Thursday, November 18, 2010

Learning Languages

A friend of mine, just posted what's below on her blog, and it so fully captivated a few things I've been thinking about:

About twice a week I’ll talk to my sister on the phone. And one of us will say, what’s new? And the other one will say, nothing. Oh, I bought that Anthropologie dress I was telling you about, the one with the blue flowers and the gorgeous neckline. And the first one will say, nice, have you worn it yet?

And that’s about how the conversation will go. Neither of us has any wildly exciting news. We don’t have anything we absolutely have to say. But that phone call, and hearing her voice on the other end of the phone, and telling her about the forgettable details of my life, those things are as important to me as telling her about the big stuff.

I do the same thing with my best friend. We’re online most of the day for most days, and usually we talk about the truly gripping details of our lives like, I have spaghetti squash leftovers for my lunch today and they’re not that great. Maybe I should heat them up more. It absolutely dumbfounds her husband how much we talk. And he knows us both, so that’s saying something.
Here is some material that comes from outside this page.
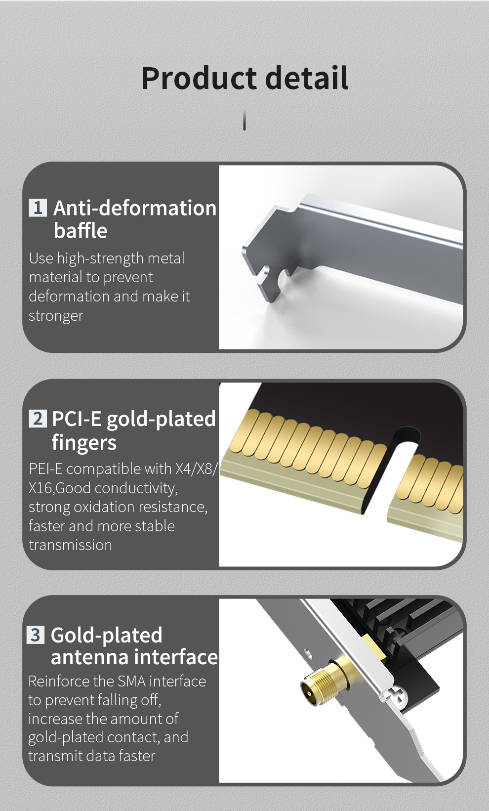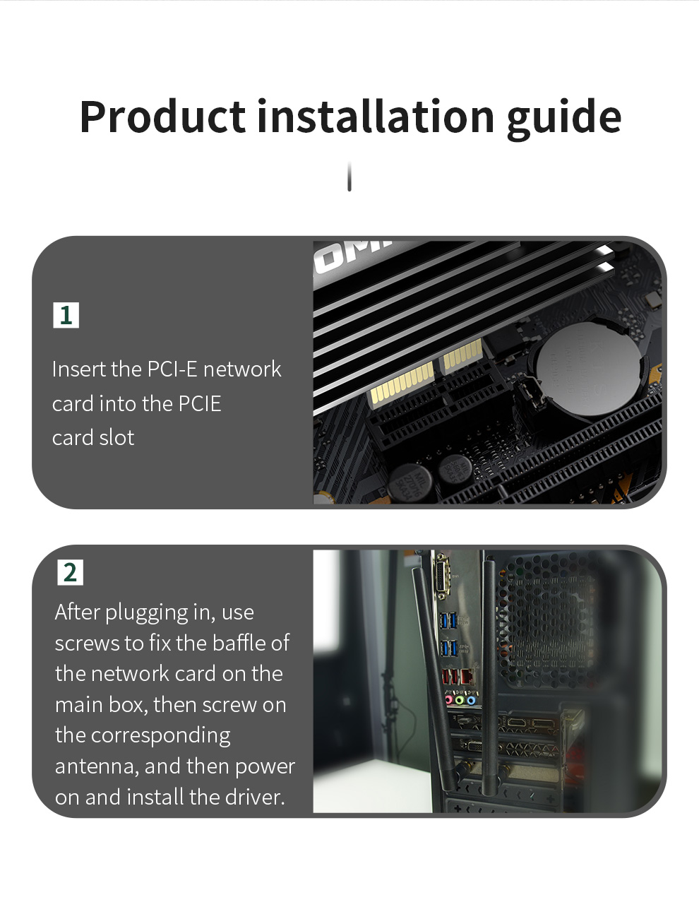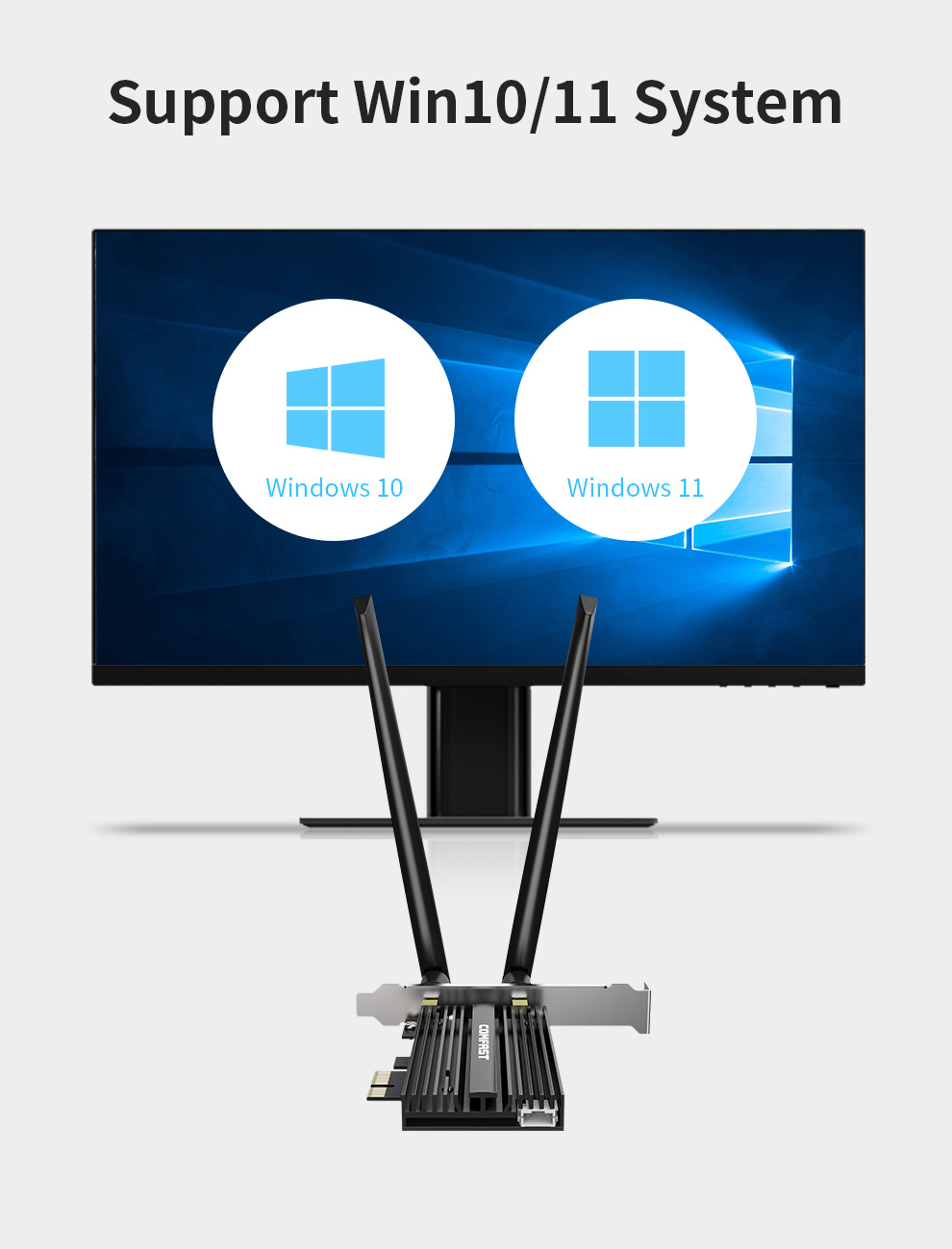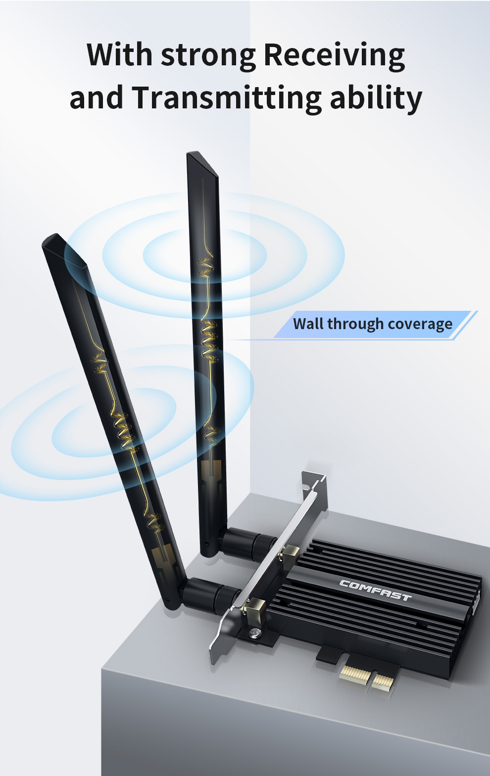 CF-AX180 PRO is a high-speed PCI-E network card supporting WiFi6 (802.11ax), offering 1800Mbps dual-band speed and Bluetooth 5.2. Equipped with 2*5dBi high-gain antennas, it enhances signal penetration and coverage, supporting both 2.4GHz and 5.8GHz frequencies. Perfect for large online gaming and HD streaming, MU-MIMO technology ensures smooth and fast wireless performance.

I got to thinking about this after reading this lovely New York Times article about sisters. And as much as it’s true with my sister, I think there’s a bigger point here. It’s important to me, on a human level, to feel that I have a witness to my life. I think this is one of those fundamental basic needs. I need to feel that I connect to people and that they understand me. When we’re talking about dresses and lunch, we’re validating each other’s experiences of the world, even if it’s in an incredibly mundane way.
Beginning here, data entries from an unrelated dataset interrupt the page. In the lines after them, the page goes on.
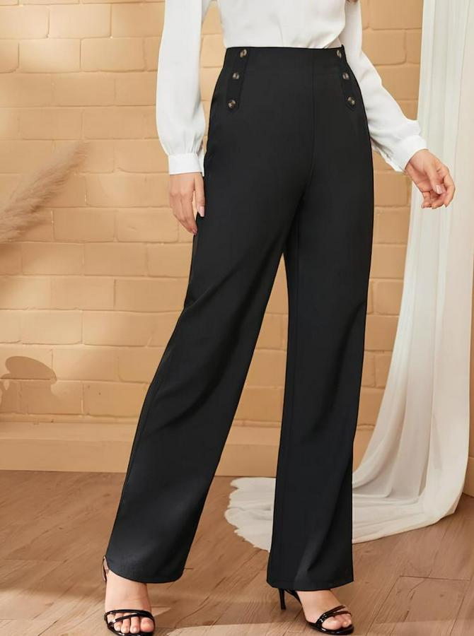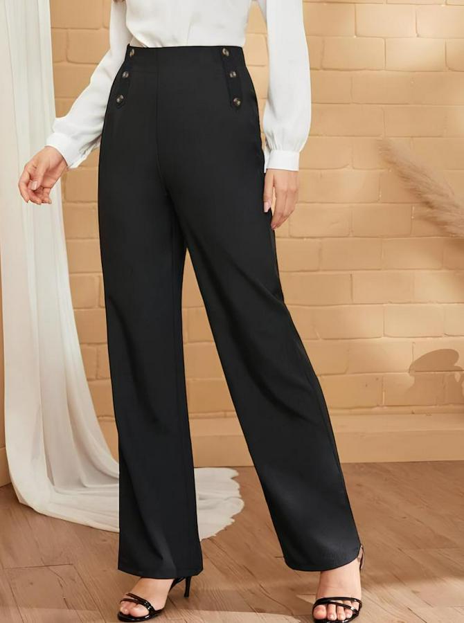 AnasayfaTüm ÜrünlerAlt GiyimPantolonDüğme Detay Bol Paça Ithal Krep Pantolon
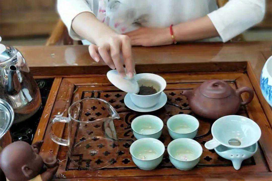 把茶叶放到器具里,也就是放茶过程,把茶叶放到茶壶里,名字叫的好听,程序简单,表演可以适当加入花式,更具有茶韵。
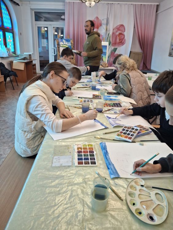 Педагог начал встречу с небольшой беседы: ребята узнали, зачем нужны маяки, почему их свет так важен для моряков и как каждая картина может стать маленьким «маяком» для самого художника. Это помогло детям настроиться на работу и почувствовать эмоциональный смысл будущего рисунка.
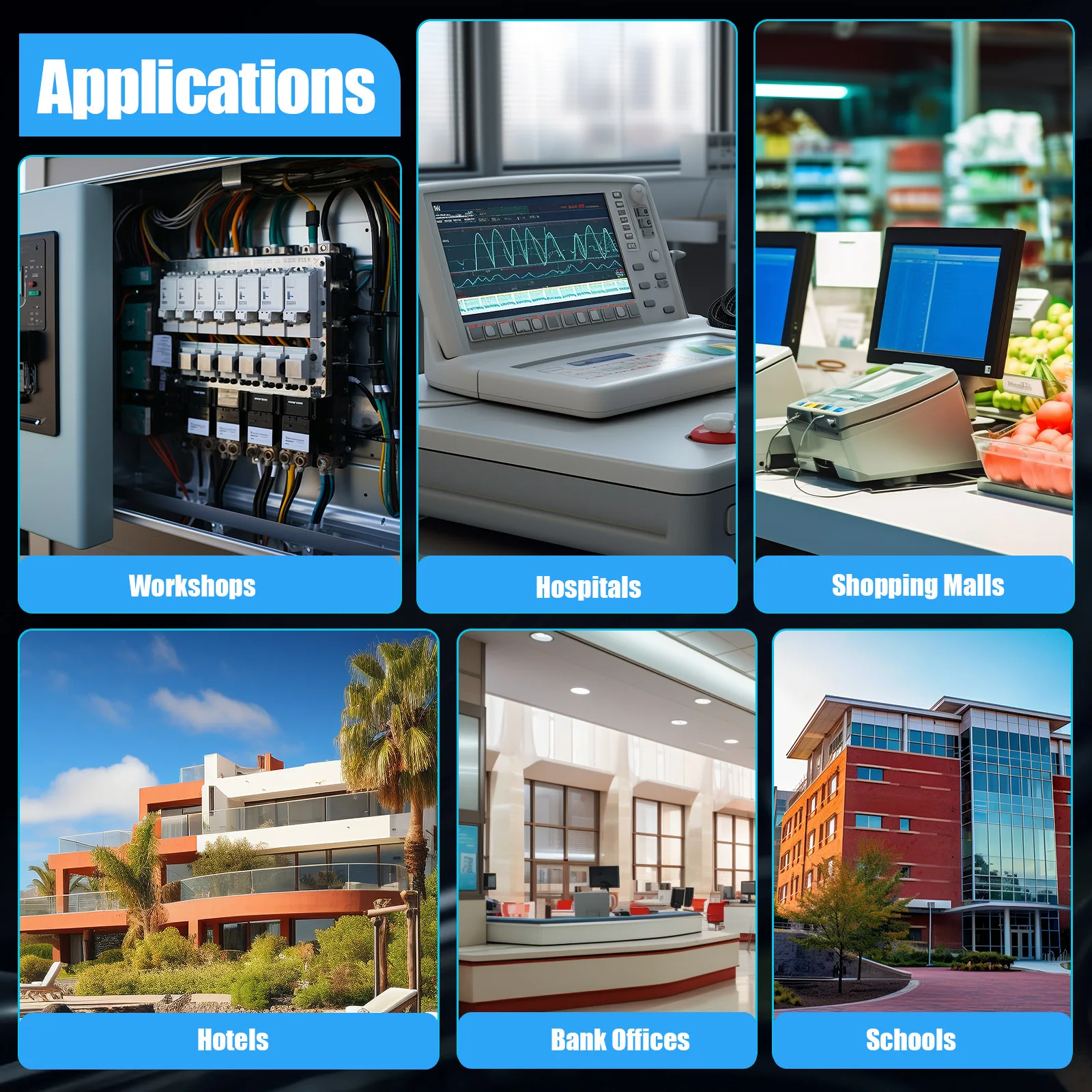 It is ideal for homes or public places and is especially suitable for household electricity, fireboxes, motor homes, hospitals, shopping malls, hotels, workshops, bank offices, etc.
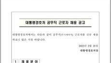 (대구=연합뉴스) 김선형 기자 = 대통령 경호처가 박근혜 전 대통령 사저 인근 경호동의 근로자 채용공고를 냈다. 대통령 경호처- 2022.02.22 17:57
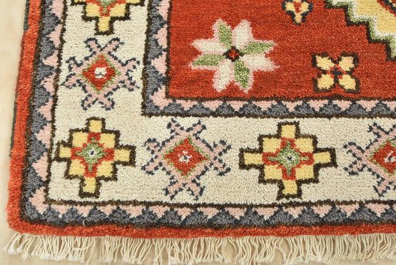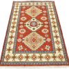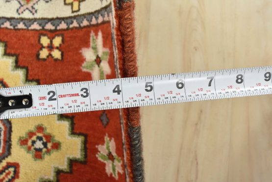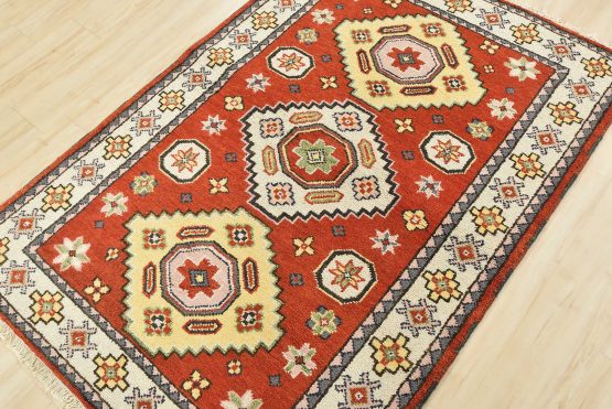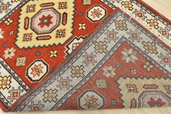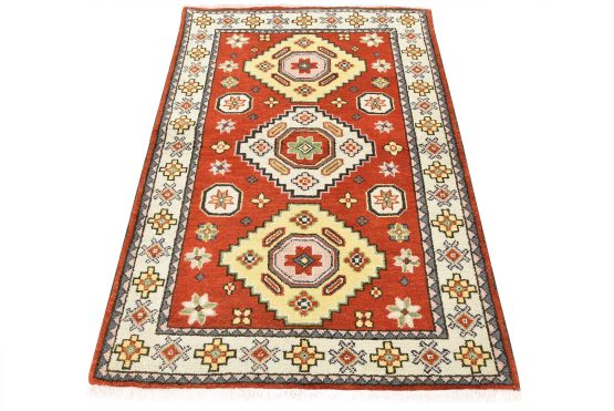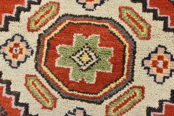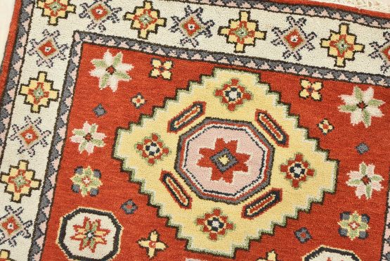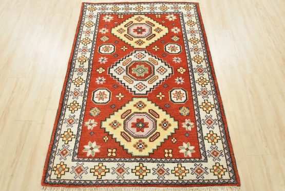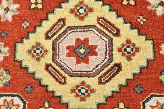 A tribal Caucasian Kazak rug hand-knotted with an all-wool pile on a cotton foundation. This oriental rug features geometric medallions surrounded by small geometric motifs set against an orange background. It is new and in excellent condition.

Like Hannah, I love details. I love to touch base throughout a day, to know how a meeting went, what's for snack, what unexpected thing popped up, what color the new throw pillows are, what the teacher said at parent-teacher conference, which restaurant for lunch, who was at happy hour, the next minute step in the decision process. For me, the details are intimate and visually connect me to someone I love, and the process of sharing them with me specifically (rather than on facebook or a blog) feels an affirmation, itself. And what a relief and gift it is to have someone to receive my own details -- to, yes, feel that someone is journeying closely along with me -- particularly in these years when I am alone with children so often -- and is witness to my life. In my language, details = love.
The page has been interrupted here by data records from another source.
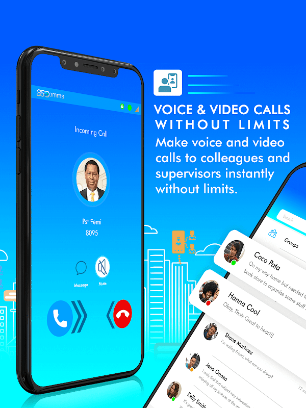 Realice llamadas de voz y video a colegas y supervisores al instante sin límites.
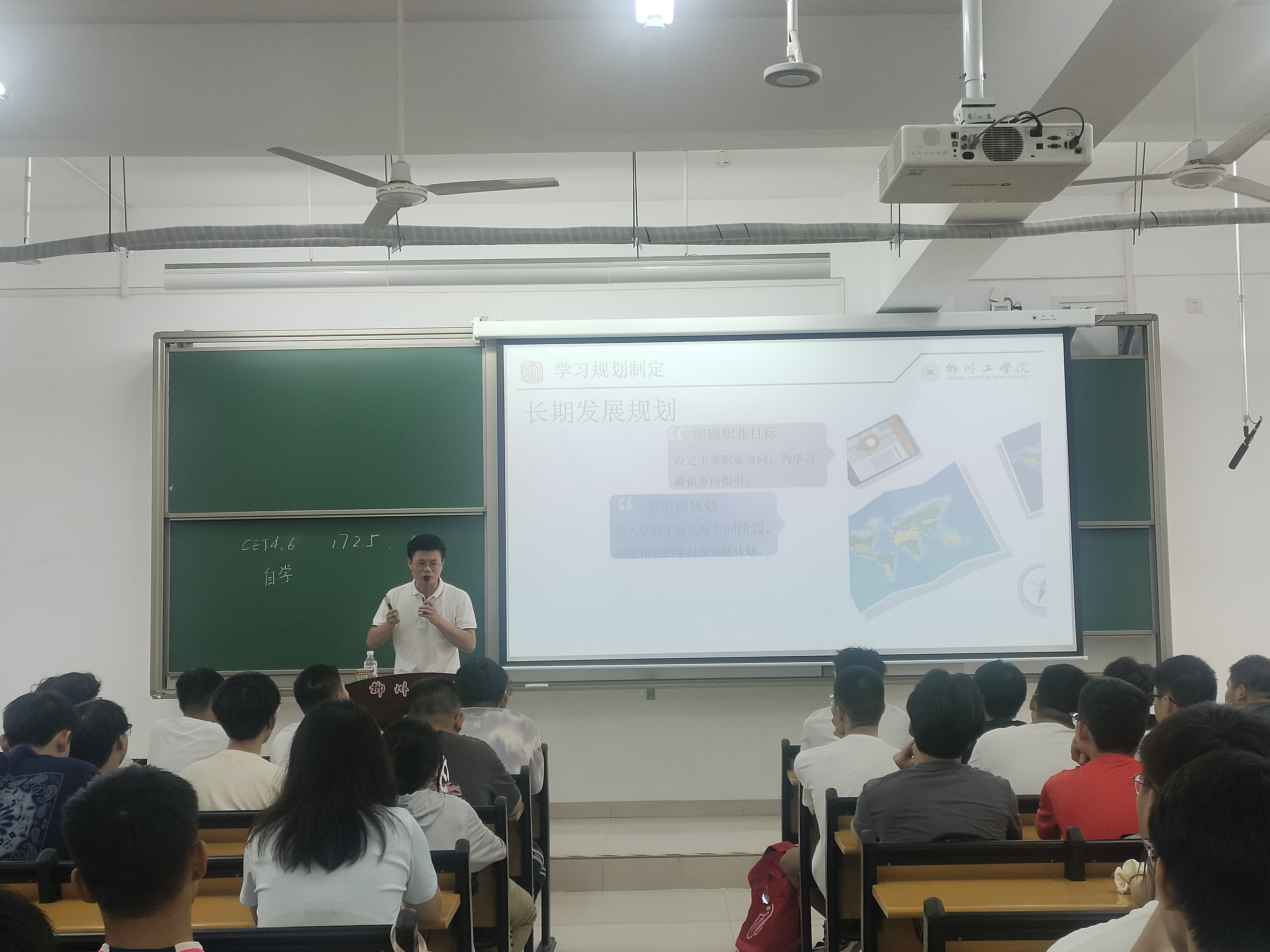 在学风建设动员会上,汽车工程学院党总支书记张琨介绍了学校相关规定,强调了学风建设的重要性,鼓励新同学们积极投入新阶段的学习,尽快适应大学学习的方式和节奏,形成良好的班风学风。智能车辆工程教研室主任甘博,车辆工程专业负责人覃华桥,新能源汽车工程专业负责人赖凡三位老师分别面向三个专业的新同学系统地讲授了专业导论,帮助同学们对专业形成初步认知。心理健康教育讲座中,辅导员韦石华向同学们介绍了心理健康的重要性。她指出,应科学看待心理健康问题,以积极的态度应对情绪问题,必要时可向老师和专业人士寻求帮助。在资助政策宣讲和本科教学评估宣讲中,辅导员李敏芳介绍了奖助勤贷的相关政策和本科教学评估工作,鼓励同学们规划好大学生活,积极参与校园活动、支持学校工作。在校情校史教育讲座中,辅导员汪佳睿为同学们介绍了学校的历史和情况,帮助同学们对学校形成更好地了解。
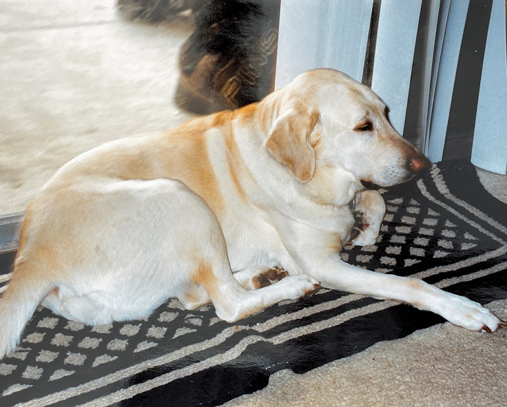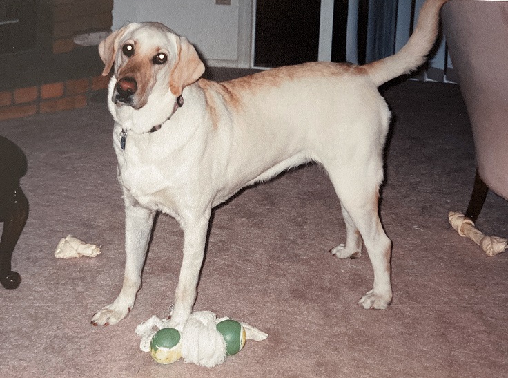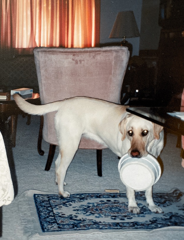 When I bought a house after my divorce, we were a pet free home. But not for long. My daughter was babysitting and one of the neighbors had a litter of Labrador puppies. Of course, she fell in love with them and begged me to let her have one. I had to admit they were cute, and we adopted an little white female we called Kaicee. She was a handful at first, as all puppies are, but she learned quickly and with a lot of training she became one of the best dogs I have ever owned. She was huge… about 100 lbs and mostly white, although her parents were golden Labs.

These days, though, I'm working to learn other languages because the fact is, of course, not everyone loves detail-sharing, nor is it always possible, or, hard for me to believe, even desired -- Ben for example could live happily with a select few details.

This is not revelation. This is not at all new. One of my best friends from college speaks an utterly different language than I do. This has always been the case. And yet, without fail, despite myself, I expect her to invite me into details and live in constant contact -- because she loves me, and in my little dictionary, that's what love looks like. And even though I know she's never communicated like that for long, I feel the shock of her silence every time.

When it happened this last time, I realized I need to coax my stubborn programmed heart into multilingual living, into allowing love, spoken even in an abrasive tongue, still to be love. And it's hard. My defenses fly up instantly and shout their interpretation -- difference = indifference. I'm trying to hear the clear thoughts beneath. My goddaughter, Madeleine, started French immersion kindergarten this year. Two months into it, she can already turn to the French word before the English; I am taking this as hope.